• Record excerpts:
Start of Block
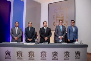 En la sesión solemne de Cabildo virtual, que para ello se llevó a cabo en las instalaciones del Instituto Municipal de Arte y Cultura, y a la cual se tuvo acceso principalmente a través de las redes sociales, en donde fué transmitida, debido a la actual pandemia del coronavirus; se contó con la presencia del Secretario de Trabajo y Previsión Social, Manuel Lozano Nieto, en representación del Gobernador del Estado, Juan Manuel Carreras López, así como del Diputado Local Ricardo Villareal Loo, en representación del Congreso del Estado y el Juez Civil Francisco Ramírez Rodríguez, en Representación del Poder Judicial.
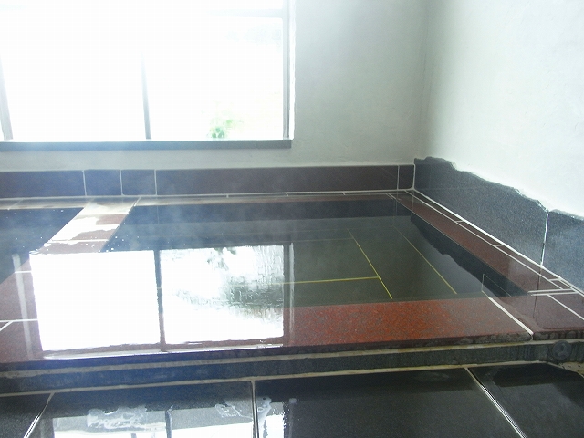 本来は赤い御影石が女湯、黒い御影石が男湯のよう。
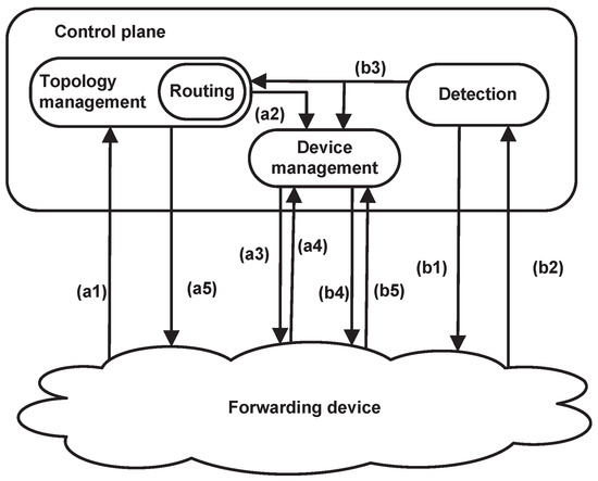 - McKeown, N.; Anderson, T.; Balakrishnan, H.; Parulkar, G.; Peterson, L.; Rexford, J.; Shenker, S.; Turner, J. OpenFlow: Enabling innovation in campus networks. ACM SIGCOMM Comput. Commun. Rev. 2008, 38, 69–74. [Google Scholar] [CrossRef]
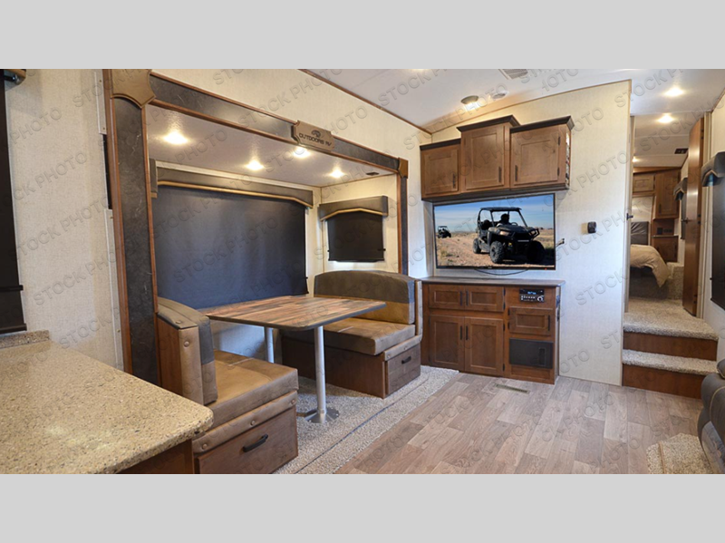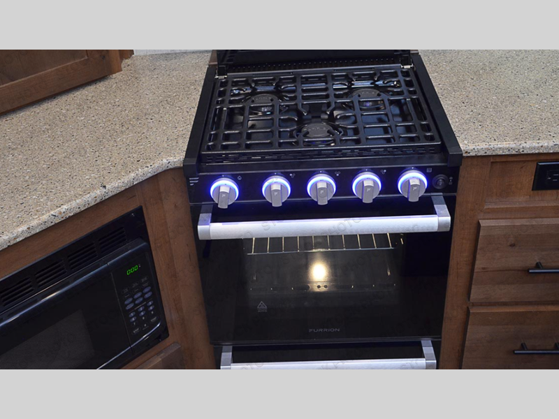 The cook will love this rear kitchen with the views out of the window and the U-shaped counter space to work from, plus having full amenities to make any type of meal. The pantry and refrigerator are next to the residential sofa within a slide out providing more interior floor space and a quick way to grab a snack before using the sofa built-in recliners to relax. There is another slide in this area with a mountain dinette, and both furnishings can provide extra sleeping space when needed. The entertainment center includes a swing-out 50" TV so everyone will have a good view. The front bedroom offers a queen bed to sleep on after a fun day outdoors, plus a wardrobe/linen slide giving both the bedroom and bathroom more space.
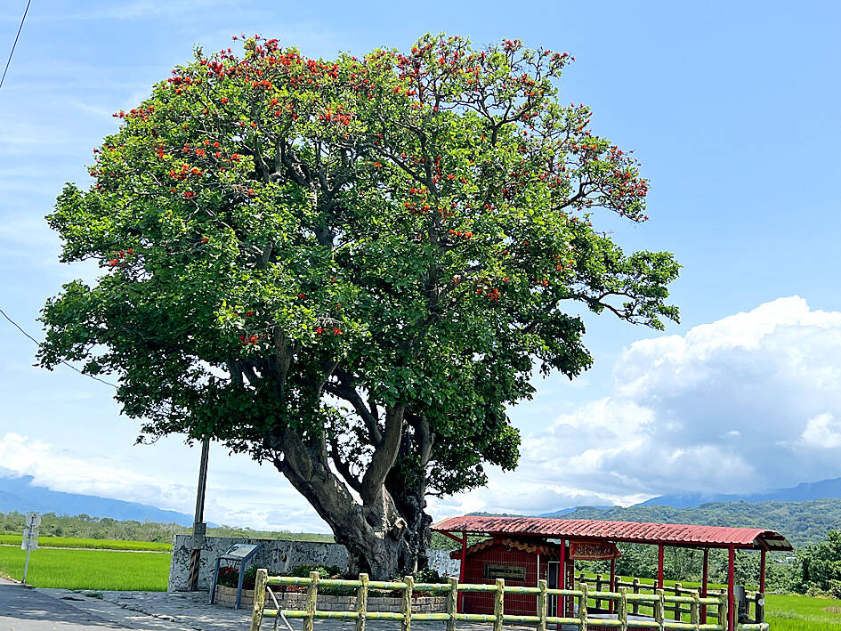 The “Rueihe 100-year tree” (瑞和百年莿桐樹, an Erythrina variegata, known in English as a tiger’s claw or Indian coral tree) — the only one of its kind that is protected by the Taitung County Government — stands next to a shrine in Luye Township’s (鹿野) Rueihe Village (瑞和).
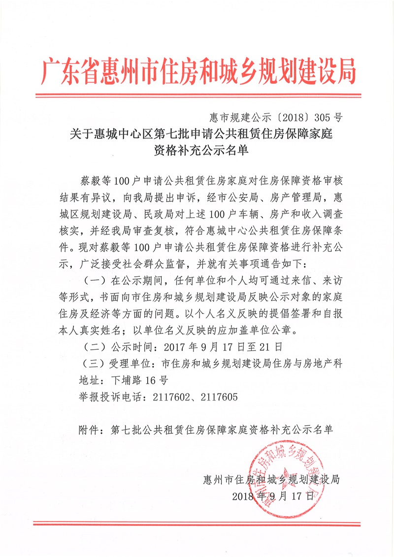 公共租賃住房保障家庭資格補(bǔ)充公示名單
End of Block
Start of Block
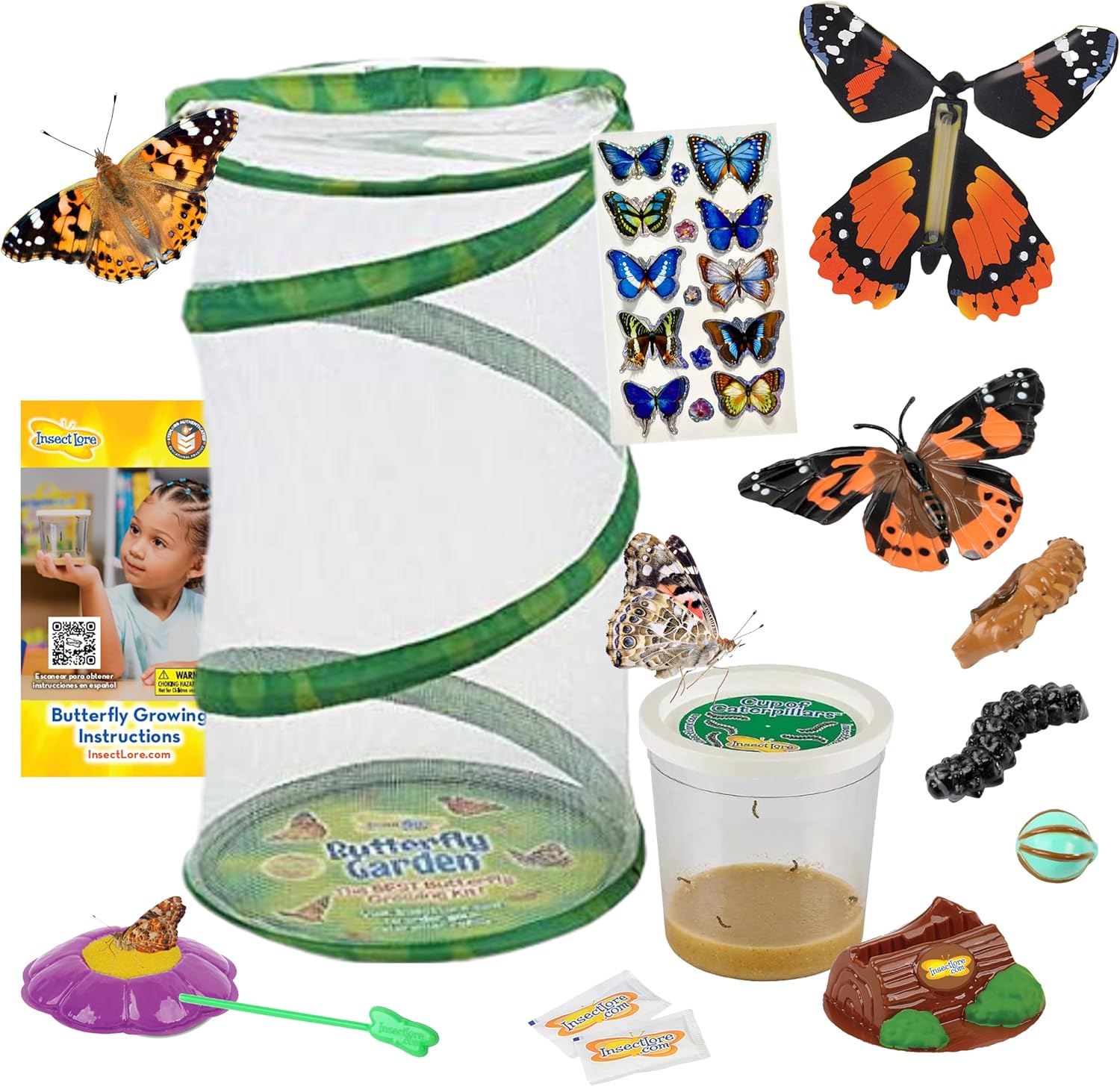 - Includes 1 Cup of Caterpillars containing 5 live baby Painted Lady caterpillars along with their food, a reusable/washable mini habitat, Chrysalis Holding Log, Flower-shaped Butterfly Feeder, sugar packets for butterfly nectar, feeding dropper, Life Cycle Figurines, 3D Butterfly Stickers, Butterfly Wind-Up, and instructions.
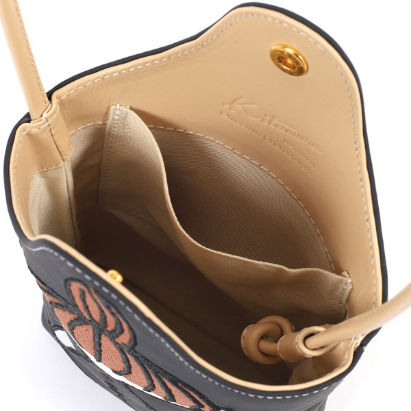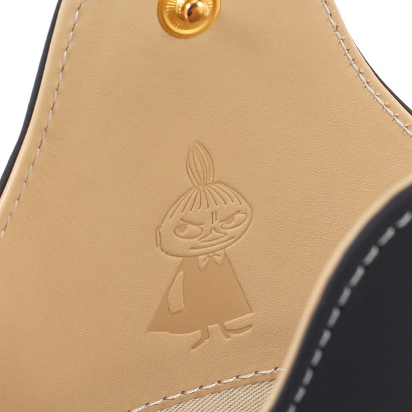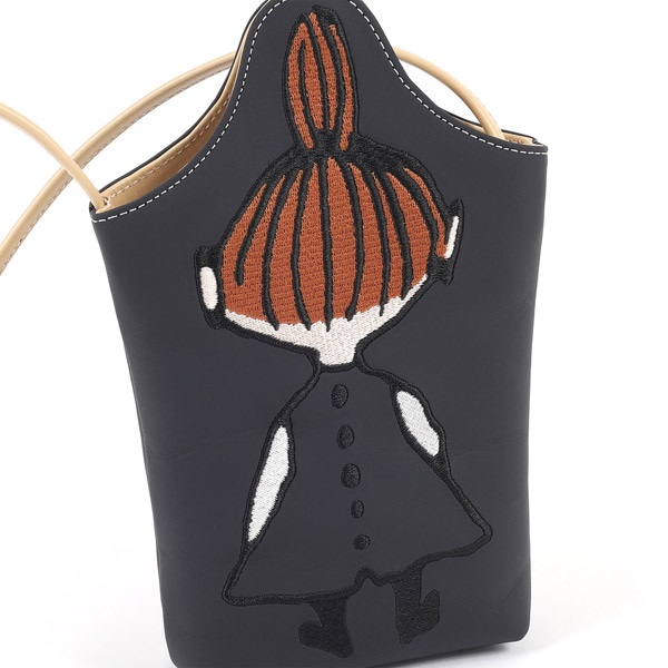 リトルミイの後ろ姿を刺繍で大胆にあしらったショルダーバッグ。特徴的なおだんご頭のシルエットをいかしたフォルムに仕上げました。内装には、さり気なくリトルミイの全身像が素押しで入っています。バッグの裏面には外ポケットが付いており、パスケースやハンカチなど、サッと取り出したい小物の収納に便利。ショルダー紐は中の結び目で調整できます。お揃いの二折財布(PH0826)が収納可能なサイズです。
End of Block
• What the task asks:
Output exactly the lines above that lie between the line with "Rueihe Village (瑞和)." and the line with "公共租賃住房保障家庭資格補(bǔ)充公示名單", those two lines included, and no pictures.

• Worked solution:
 The “Rueihe 100-year tree” (瑞和百年莿桐樹, an Erythrina variegata, known in English as a tiger’s claw or Indian coral tree) — the only one of its kind that is protected by the Taitung County Government — stands next to a shrine in Luye Township’s (鹿野) Rueihe Village (瑞和).
 公共租賃住房保障家庭資格補(bǔ)充公示名單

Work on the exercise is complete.